WWI German fighter aircraft

The Kondor D 1, given the unofficial name Kondorlaus, was a German single seat, biplane fighter aircraft designed and built close to the end of WWI.

==Design and development==
The Kondor D 1 was an unequal span single-seat biplane of wooden construction, powered by a 100 hp Gnome Monosoupape rotary engine and armed with two 7.92 mm LMG 08/15 Spandau machine guns. The D 1 had a single spar lower wing with V interplane struts, similar to Nieuport 11 practice.

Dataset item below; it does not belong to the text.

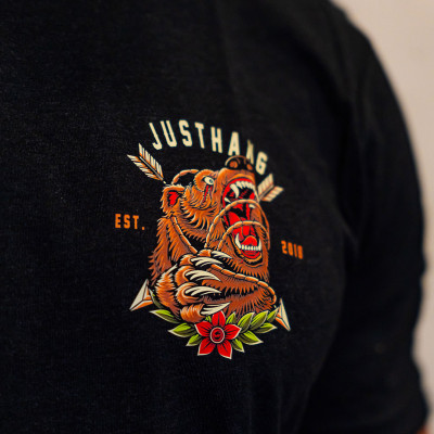 Le T-shirt pour homme JUSTHANG Bear Gets Up, présenté ici en coloris noir, est un modèle à manches courtes, conçu pour vos sessions de fitness et de training.

The first flight of the Kondor D 1 occurred in the autumn of 1917, but test flights showed it to be underpowered and Walter Rethel, with Paul Ehrhardt, developed an improved version of the design, the Kondor D 2, which Rethel completed after Ehrhardt retired due to ill health.

Confusion reigned after the second D-type competition at Aldershof because the Idflieg referred to the two Kondor D 2 prototypes as the D.I and D.II during the competition, which were actually fictitious designations.

==Bibliography==

- "German Aircraft of the First World War" (1987)
- "The Complete Book of Fighters: An Illustrated Encyclopedia of Every Fighter Built and Flown" (2001)
- Herris, Jack (2020). "German Aircraft of Minor Manufacturers in WWI: A Centennial Perspective on Great War Airplanes"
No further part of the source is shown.